Ablation studies were conducted to isolate the contributions of each component in HBGF-YOLO. The results are summarized in the following table, where “RH” denotes Rep-HGNetV2, “BF” for BiFPN, “GL” for GLSA, and “FE” for FEFM:
| Components | Precision (%) | Recall (%) | mAP@0.5 (%) | mAP@0.5:0.95 (%) | Params (10^6) | FLOPs (G) |
|---|---|---|---|---|---|---|
| Baseline (YOLO11n) | 84.7 | 78.3 | 83.4 | 70.9 | 2.6 | 6.3 |
| RH | 84.5 | 81.2 | 84.2 | 71.9 | 2.1 | 5.7 |
| RH + BF | 85.1 | 81.5 | 84.7 | 72.8 | 1.8 | 6.1 |
| RH + BF + GL | 86.2 | 82.6 | 85.2 | 72.6 | 1.7 | 6.2 |
| RH + BF + GL + FE | 87.3 | 81.7 | 85.5 | 73.2 | 1.6 | 5.8 |
The incremental improvements validate the synergy between the modules, with the full HBGF-YOLO model achieving the highest accuracy and efficiency. The precision-recall curve also shows that HBGF-YOLO maintains higher precision across recall levels, reducing false positives in defect detection for solar panels.
Furthermore, I tested HBGF-YOLO on the MS COCO dataset to assess its generalization capability. The results, compared to other models, are shown below:
| Model | mAP@0.5:0.95 (%) | Params (10^6) | FLOPs (G) |
|---|---|---|---|
| Faster R-CNN | 36.4 | 42.1 | 207.0 |
| SSD | 25.1 | 27.4 | 33.6 |
| YOLOv5n | 28.0 | 1.9 | 4.5 |
| YOLOv7-tiny | 37.4 | 6.2 | 13.7 |
| YOLOv8n | 37.3 | 3.2 | 8.7 |
| YOLOv9t | 27.5 | 4.5 | 10.5 |
| YOLOv10n | 29.8 | 3.5 | 9.2 |
| YOLO11n | 39.5 | 2.6 | 6.5 |
| HBGF-YOLO | 40.3 | 1.7 | 5.9 |
HBGF-YOLO achieves competitive mAP scores with lower computational demands, underscoring its versatility for various object detection tasks beyond photovoltaic panel inspection.
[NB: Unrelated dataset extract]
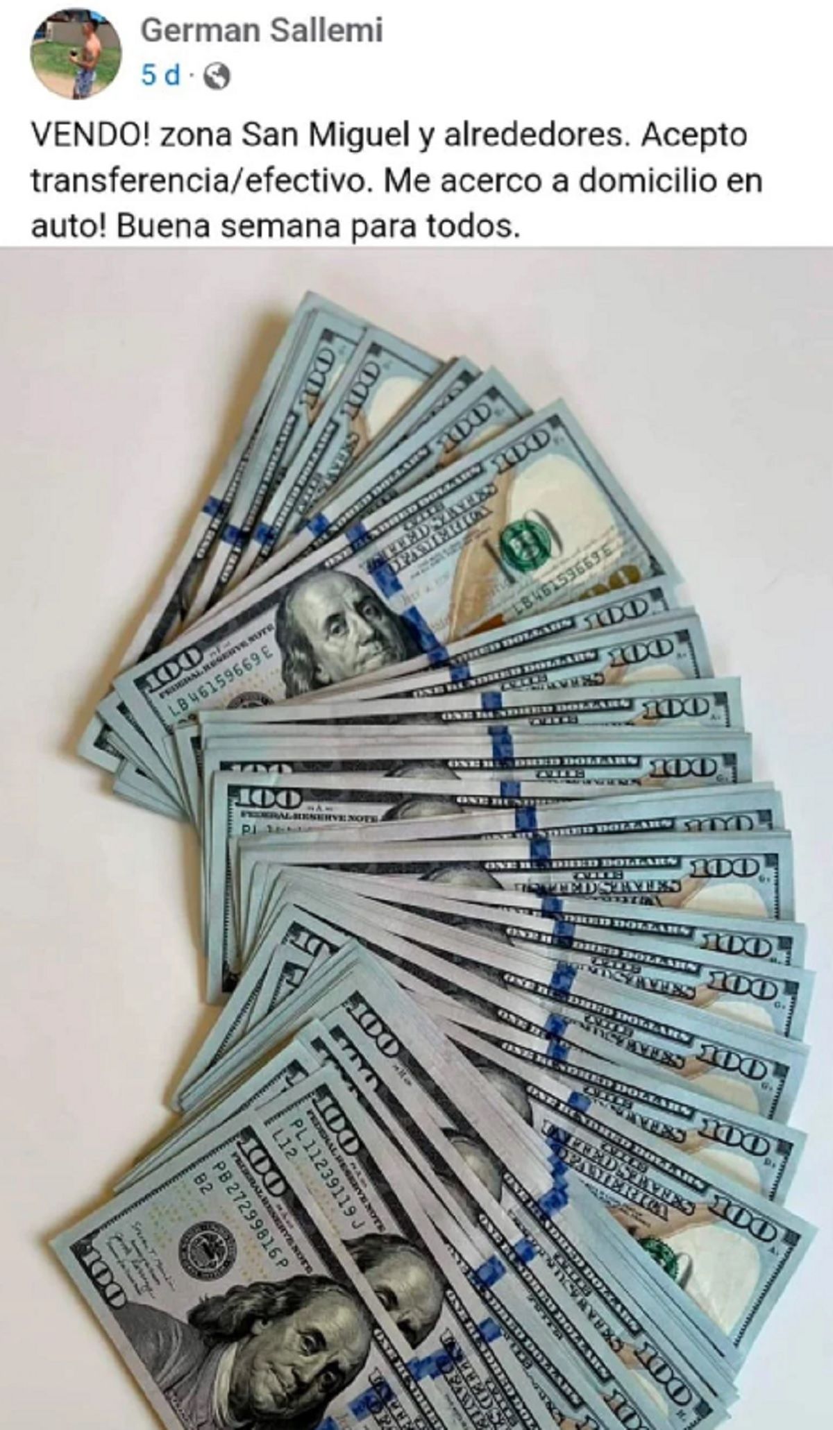 De inmediato los policías iniciaron las actuaciones y de acuerdo a las primeras averiguaciones realizadas determinaron que el joven se dedicaba a la venta de dólares, los que ofrecía por internet.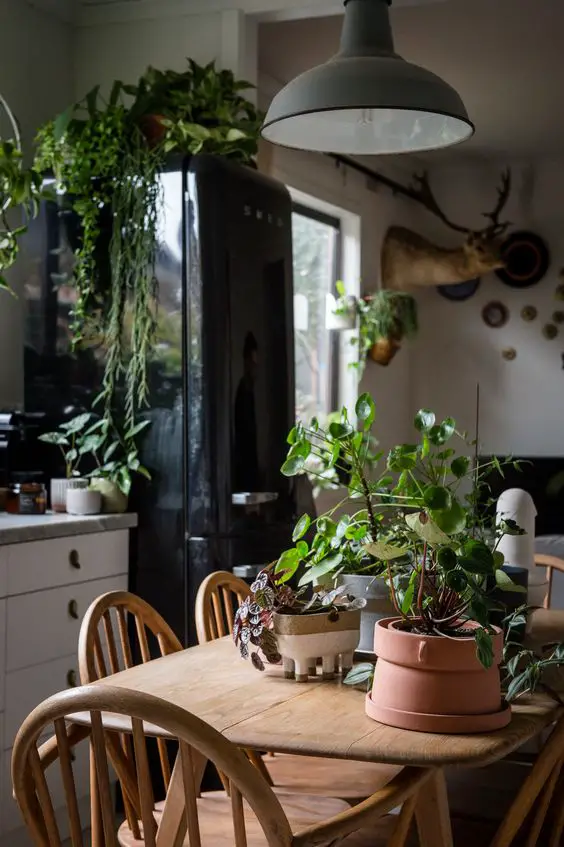 Le style Urban Jungle est intéressant parce qu'il s'adapte à de nombreuses situations. Vous avez des meubles de cuisine gris? C'est très bien, le gris s'associe parfaitement au vert des plantes. Et on n n'oublie pas une touche de blanc pour la luminosité. Votre mobilier de cuisine est blanc? Comme le gris, le blanc et le vert, ça s'harmonise sans aucun problème. Le vert des plantes d'intérieur va donner de la vie à votre mobilier. Votre cuisine est essentiellement en bois? Une fois encore, ça matche! Avec le bois, on reste dans une atmosphère naturelle qui sera renforcée par les plantes d'intérieur. L'essence du bois de votre cuisine n'a pas besoin d'être exotique pour que votre pièce de vie prenne des tonalités tropicales.

In conclusion, HBGF-YOLO presents a robust solution for infrared small target defect detection in photovoltaic panels using UAV aerial photography. By integrating Rep-HGNetV2, BiFPN, GLSA, and FEFM, the algorithm enhances detection accuracy while maintaining real-time performance on embedded devices. The experimental results on both custom and public datasets confirm its superiority over existing methods, making it a practical tool for large-scale solar farm inspections. Future work will focus on optimizing the network for higher resolution processing and adapting to more diverse environmental conditions to further improve the reliability of photovoltaic energy systems.